Project 2 — Policy pack for cloud storage
- Deliverables: OPA/Conftest rules for S3/Blob storage enforcing encryption, no public access, access logging, lifecycle policies.
- Acceptance: PR with a non-compliant bucket fails with a clear message and suggested fix.
Project 3 — Egress control with exceptions
- Deliverables: default deny egress, allow via proxy; exception CRD/YAML with owner, reason, allowed domains, expiry.
- Acceptance: exception auto-revokes on expiry and is visible in audit logs.
Who this is for and prerequisites
Who this is for
- Platform and DevOps engineers building shared infrastructure.
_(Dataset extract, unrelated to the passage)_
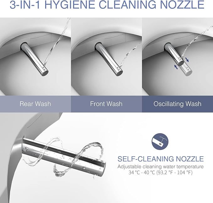 - Keep your Bidet Seats clear and fresh with the self-cleaning nozzle feature. Say goodbye to manual cleaning hassles and enjoy the convenience of a nozzle that cleans itself after each use.

- Security engineers implementing policy-as-code.
- Developers who own service templates.
Prerequisites
- Basic Kubernetes (namespaces, deployments, policies).
- Intro Terraform or other IaC.
- Familiarity with CI/CD concepts.
Learning path
- Before: Identity and access basics, networking fundamentals.
- Now: Secure defaults and guardrails.
- Next: Policy-as-code deeper dive, secrets management automation, runtime protections.
Next steps
- Adopt golden templates for new services.
- Add policy checks to PRs for your top three risky resources.
- Roll out a lightweight exception process with auto-expiry.
Note: The Quick Test on this page is available to everyone for free. If you are logged in, your progress will be saved.
Mini challenge
Pick one default that is currently optional in your org (e.g., encryption at rest). Make it the default in your template and add a policy that blocks disabling it without an exception. Measure adoption after two weeks.